As soon as Meredith sees her father again she knows that nothing has changed. He doesn’t regret his actions of the past – only the time he’s lost being away from her while he was in jail. Her life is about to become a nightmare again and there doesn’t seem to be anything she can do to ensure her own safety. Mom won’t acknowledge what happened (and would choose her husband over her daughter in any case), her best friend Andy and his mother are going away and won’t be there for her, and she doesn’t have any legal recourse unless her father does something specifically wrong – like abusing her again.

Meredith briefly considers running away, or living with her grandmother, but knows that she’ll only be living in fear of her father finding her somehow. In addition, she knows that if he can’t have her, he will go after other children, and she couldn’t live with herself if she can prevent him from abusing and ruining the lives of countless other kids. So, with the help of a policeman friend, Meredith rigs up some hidden cameras and decides to catch dad in the act.

It’s a horrible and desperate plot/situation. If this is what real victims of sexual abuse find themselves faced with on a regular basis, then the abusers AND society have a LOT to answer for. This selfless act that Meredith performs – endangering her fragile mental state further just to stop the man who should have been kept away from her and other children permanently – should never have been an option. Children should never have to experience sexual abuse and should never have to combat it on their own.
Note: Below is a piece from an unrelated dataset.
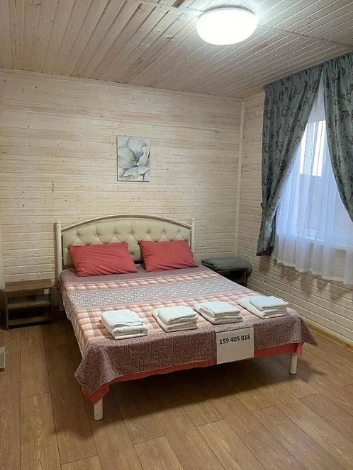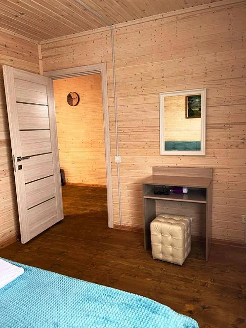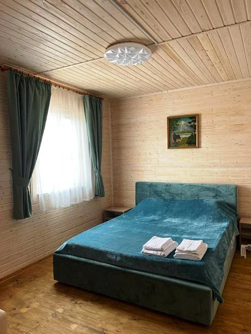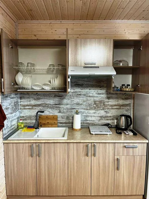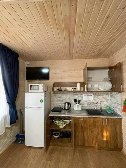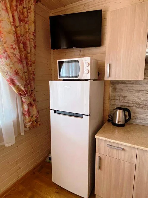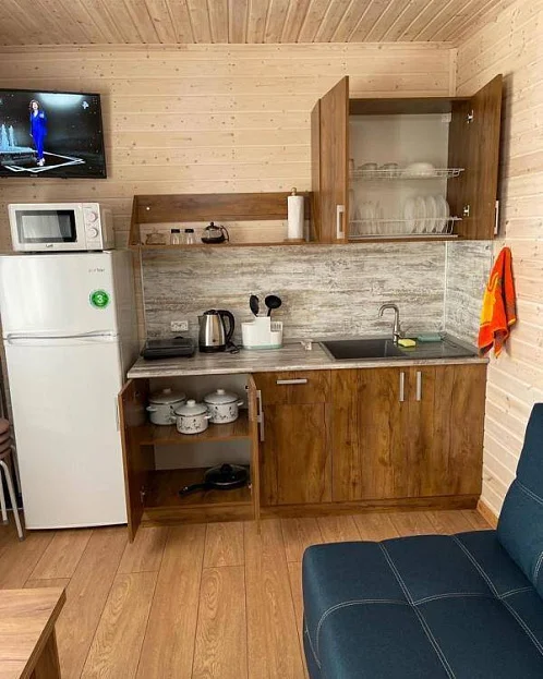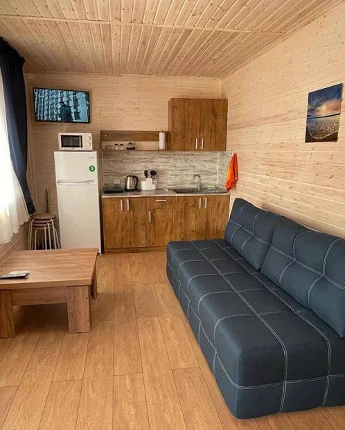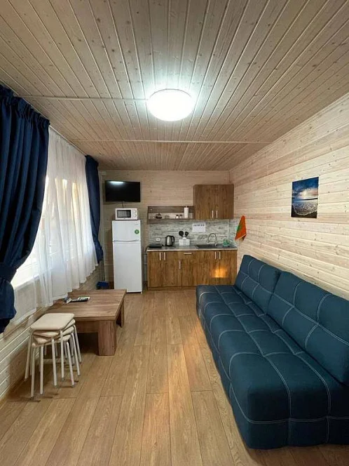 Рассчитан домик на проживание 4-х человек (поселение пятого человека осуществляется за дополнительную плату). Домики состоят из двух комнат : первая- кухня-гостиная, в которой стоят кухонная мебель с полным набором посуды для приготовления и приема пищи, микроволновая и индукционная печи, холодильник, телевизор, раздвижной диван, журнальный столик-трансформер, шкаф для одежды и вторая комната- спальня, в которой расположены двуспальная кровать с набором постельного белья, прикроватные тумбочки, туалетный столик. Домики оснащены сплит-системами.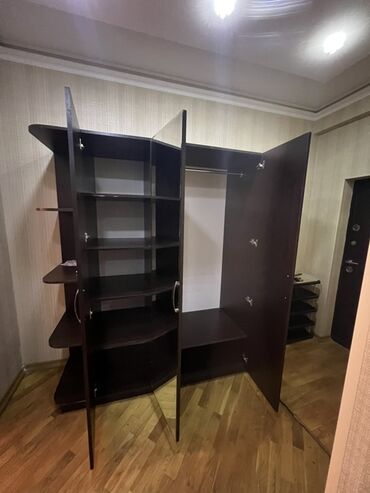 - Sağ bölmə: paltar asmaq üçün metal asılqan borusu və aşağıda geniş polka/oturacaq hissə

This story managed to infuriate me even though I felt that the plot was obvious and contrived. Of course dad wouldn’t have changed. Of course Meredith was going to end up in the worst position possible. Of course he was going to do it again. I hate it when I’m right. This is fiction, but it’s easy to imagine that this sort of thing happens all the time – what with prisons being overcrowded, and caregivers caring more about themselves and their desires than the ones they’re supposed to keep safe. It’s maddeningly frustrating. And for that reason, and because this particular story gets you *right there* it’s an important one.

There’s a reader’s guide appended and, oddly enough, a link to a sex-offenders site. But I think even more useful might be information and links to sites about sexual abuse, and resources for combating it. It’s not, after all, just knowing *who* the sex-offenders are, but knowing what to *do* about sexual abuse.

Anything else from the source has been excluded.